## WHAT TO PRODUCE
Take from the entries below the stretch from the line with "This jacket is" through the line with "跨境几何烫金抱枕套复古黑白双色家居沙发靠垫套短毛绒装饰靠枕套", and return it exactly, leaving the pictures out.

## EXERCISE DATA
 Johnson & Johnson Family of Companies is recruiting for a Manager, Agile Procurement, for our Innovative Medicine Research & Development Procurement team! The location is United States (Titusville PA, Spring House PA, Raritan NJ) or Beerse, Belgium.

* * *

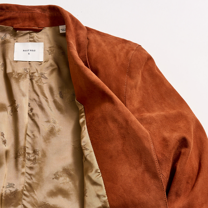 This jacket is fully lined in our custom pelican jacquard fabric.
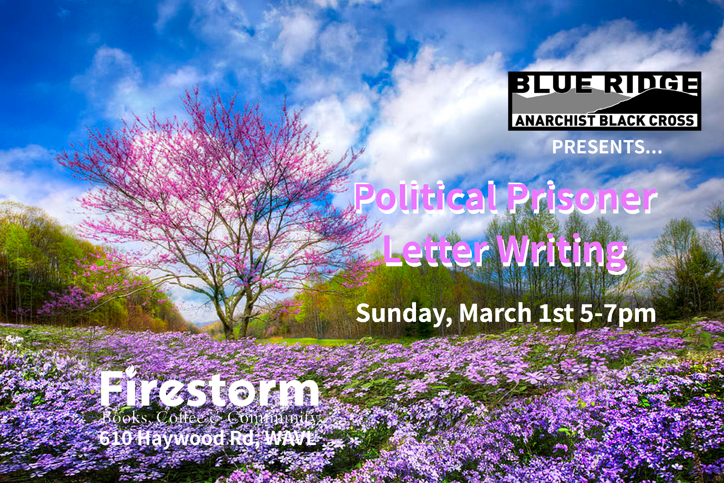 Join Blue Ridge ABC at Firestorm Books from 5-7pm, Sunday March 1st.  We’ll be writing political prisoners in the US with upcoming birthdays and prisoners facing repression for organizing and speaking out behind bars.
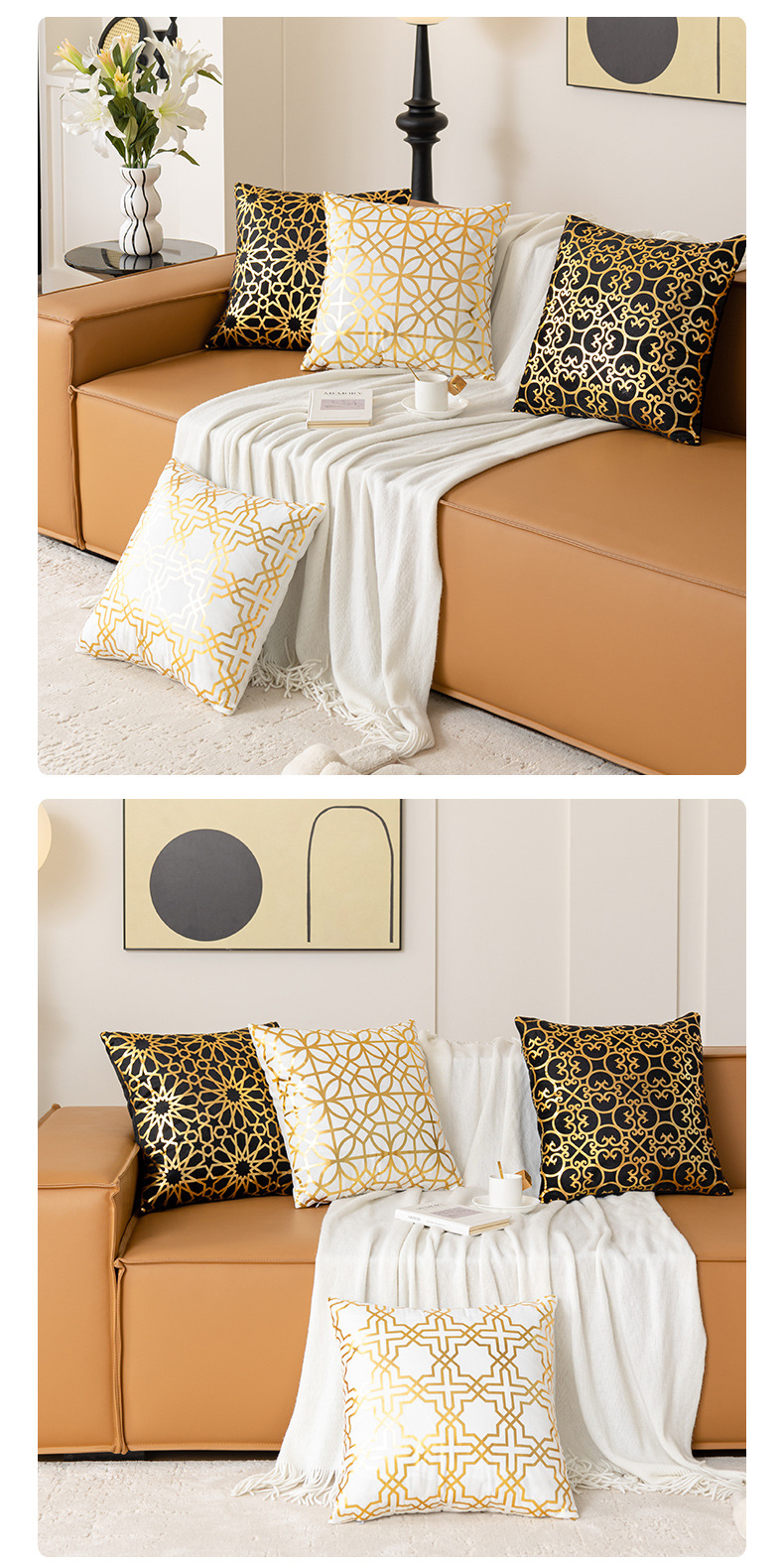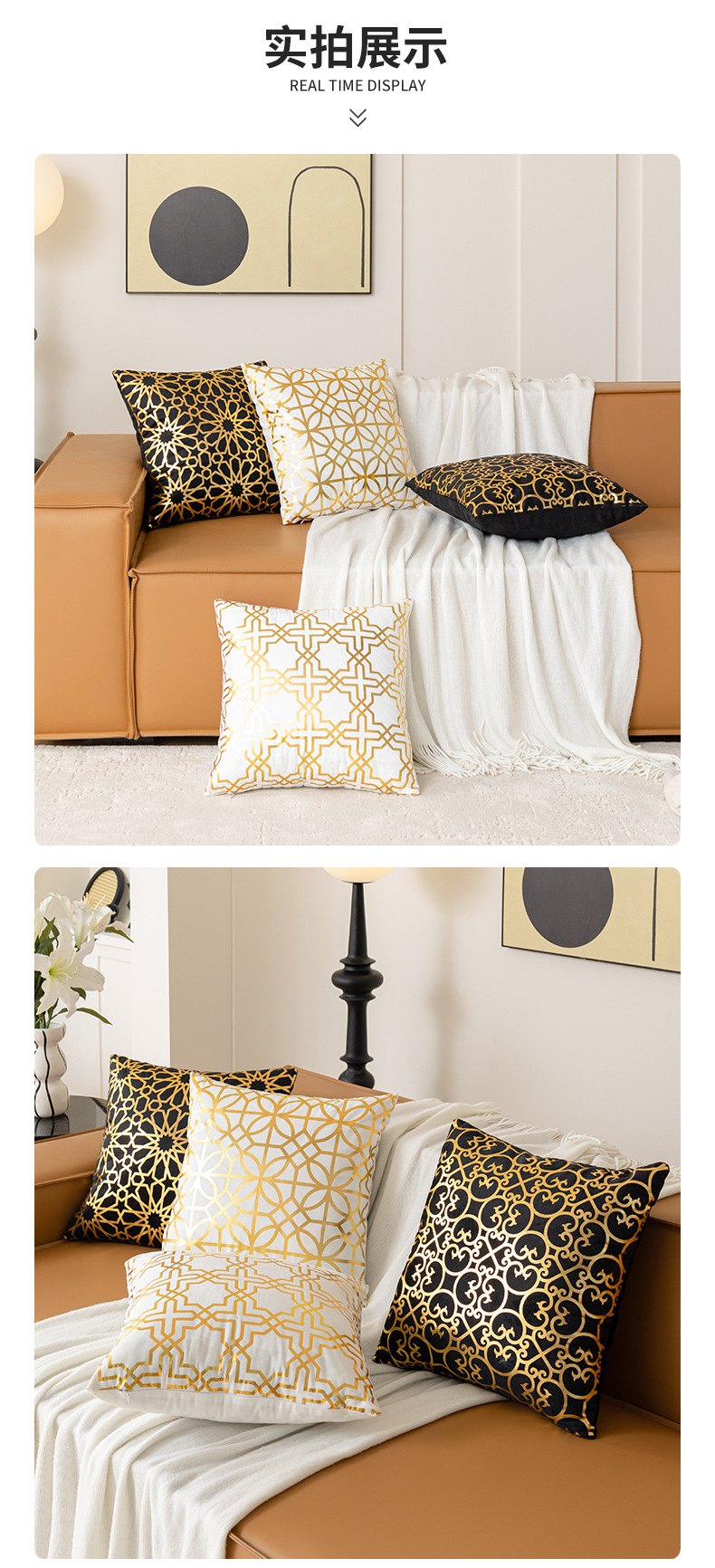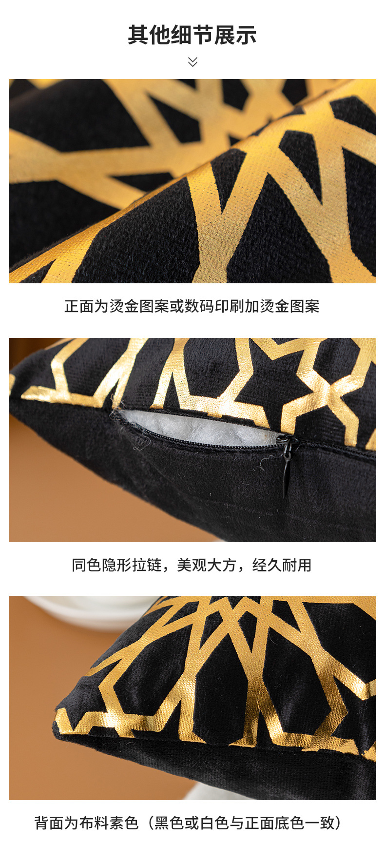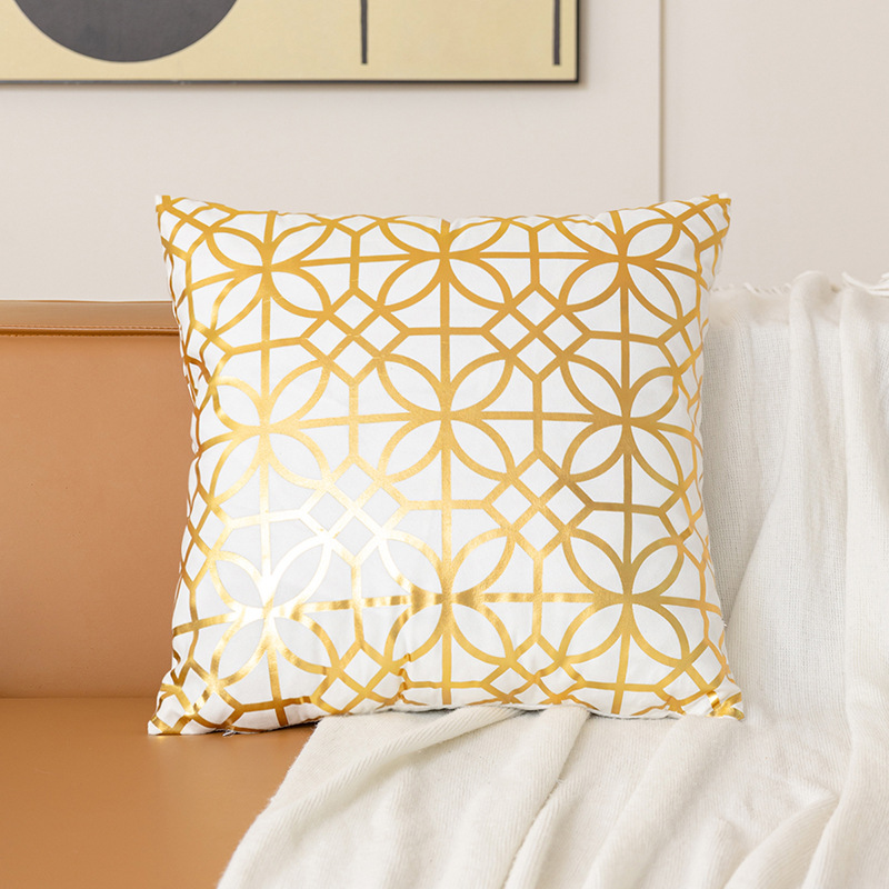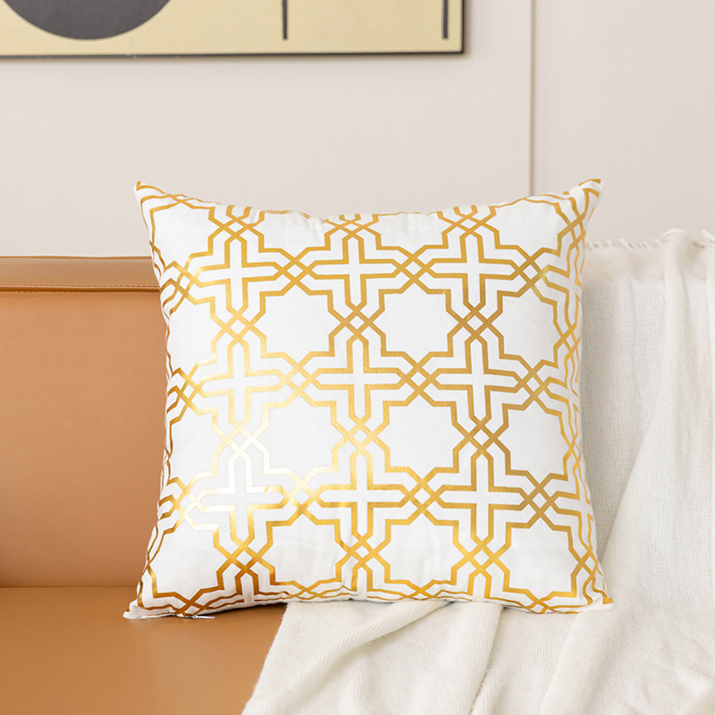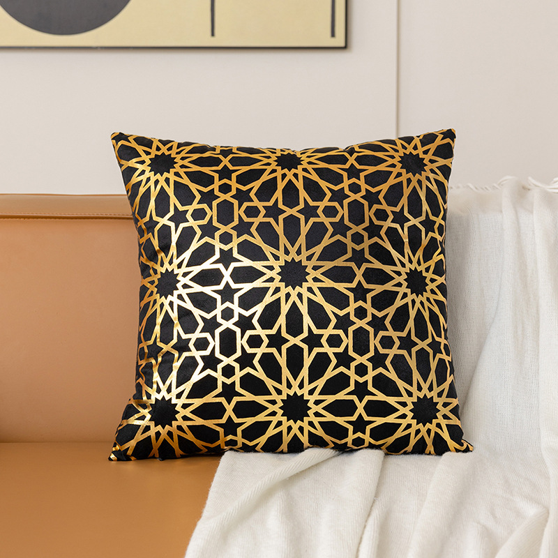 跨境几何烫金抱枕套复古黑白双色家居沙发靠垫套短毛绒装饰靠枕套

---

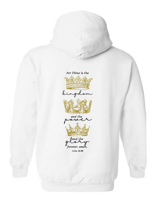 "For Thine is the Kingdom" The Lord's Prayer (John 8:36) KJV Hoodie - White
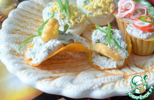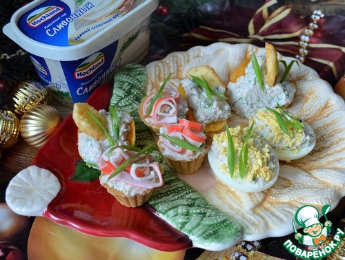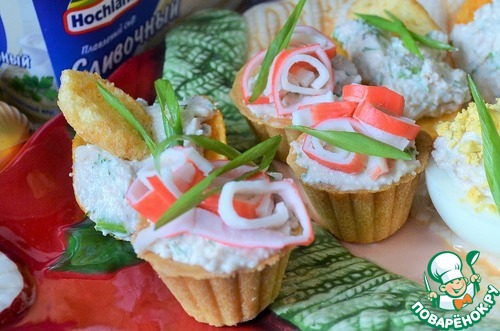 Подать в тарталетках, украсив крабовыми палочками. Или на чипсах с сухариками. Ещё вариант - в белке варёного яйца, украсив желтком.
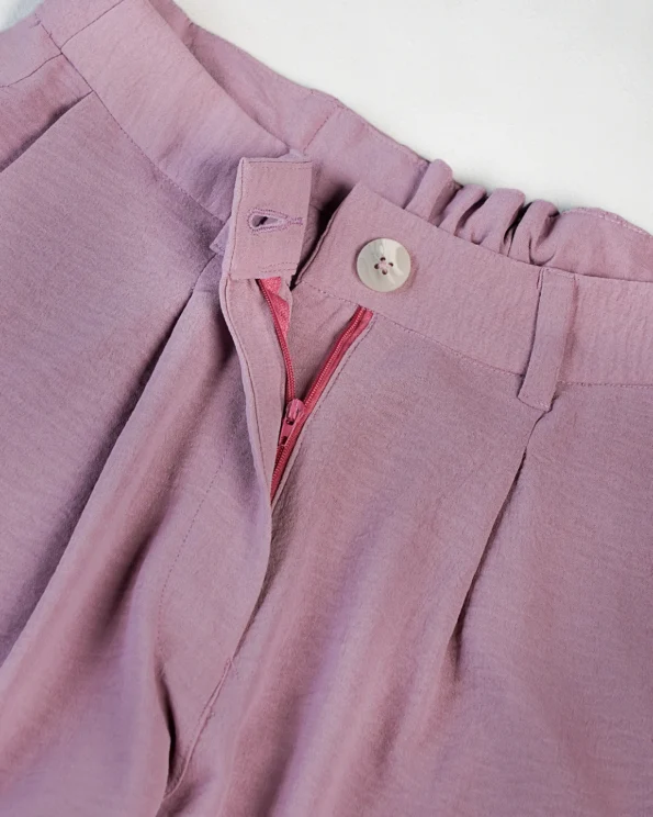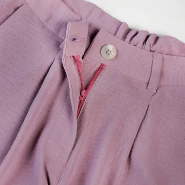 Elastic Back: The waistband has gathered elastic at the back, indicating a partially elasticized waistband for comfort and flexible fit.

## REPLY TO THE EXERCISE
 This jacket is fully lined in our custom pelican jacquard fabric.
 Join Blue Ridge ABC at Firestorm Books from 5-7pm, Sunday March 1st.  We’ll be writing political prisoners in the US with upcoming birthdays and prisoners facing repression for organizing and speaking out behind bars.
 跨境几何烫金抱枕套复古黑白双色家居沙发靠垫套短毛绒装饰靠枕套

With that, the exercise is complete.